$G ⊂ GL_n (\Bbb R)$ is an abelian connected Lie group, $\mathfrak{g}$ its Lie algebra and $exp_G : \mathfrak{g} → G$ the exponential map.
Prove that $Ker(exp_G )$ is discrete.
My attempt:
$Lie(Ker(exp_G))=Ker(d_0\ exp_G)$ since $exp_G$ is a morphism of topological groups $(\mathfrak{g},+) → (G,.)$, where $d_0$ is the differential at $0 \in \mathfrak{g}$.

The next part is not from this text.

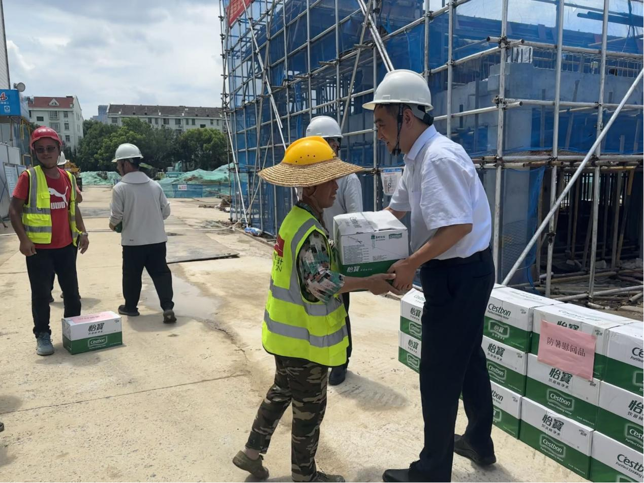 慰问组一行在园区改造现场查看施工进展情况,详细听取了项目施工进度、安全、质量落实情况以及高温作业防暑降温措施,对项目全体人员在高温酷暑情况下仍然坚持在一线抢抓工期表示肯定,并送上矿泉水、毛巾、藿香正气水等防暑降温物资,在炎炎夏日送去关怀和丝丝清凉。江鑫指出,各项目人员在做好防暑降温的同时,应合理调整工作时间、优化工作方式、强化安全作业管理、增强自我防护意识,避免在高温时段户外长时间工作。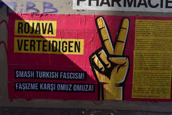 На плакатах демонстрантов было написано: «Оккупанты, убирайтесь с наших земель», «Нет войне, нет оккупации», «Плечом к плечу против фашизма» и «Уберите свои грязные руки от женщин». С другой стороны, интернациональная молодежь из Турции, Курдистана и Швейцарии провела уличную кампанию в знак протеста против вторжения Турции в Рожаву. Демонстранты закрыли дорогу для движения в Дрейросенбрюке, где они провели митинг.

Since $d_0\ exp_G$ is the map $X\to X$, its kernel is $\{0\}$, which gives $Lie(Ker(exp_G))=\{0\}$, therefore $Ker(exp_G)$ is discrete as $exp_G$ is a local homeomorphism at $0\in \mathfrak{g}$
Is this a sound proof?
Thank you for your help.
Best Answer
As the prove above isn't satisfactory, I am suggesting a new one:
$\ker\ exp_G = \{γ ∈ \mathfrak{g} : exp_G γ = e_G \}$
$exp_G$ being a local injection (by restriction of the exponential from $M_n(\Bbb R)$), we see that $0_{\mathfrak{g}}$ is isolated.
Translation being a homeomorphism of $\ker\ exp_G$, every element is isolated and $\ker\ exp_G$ is discrete.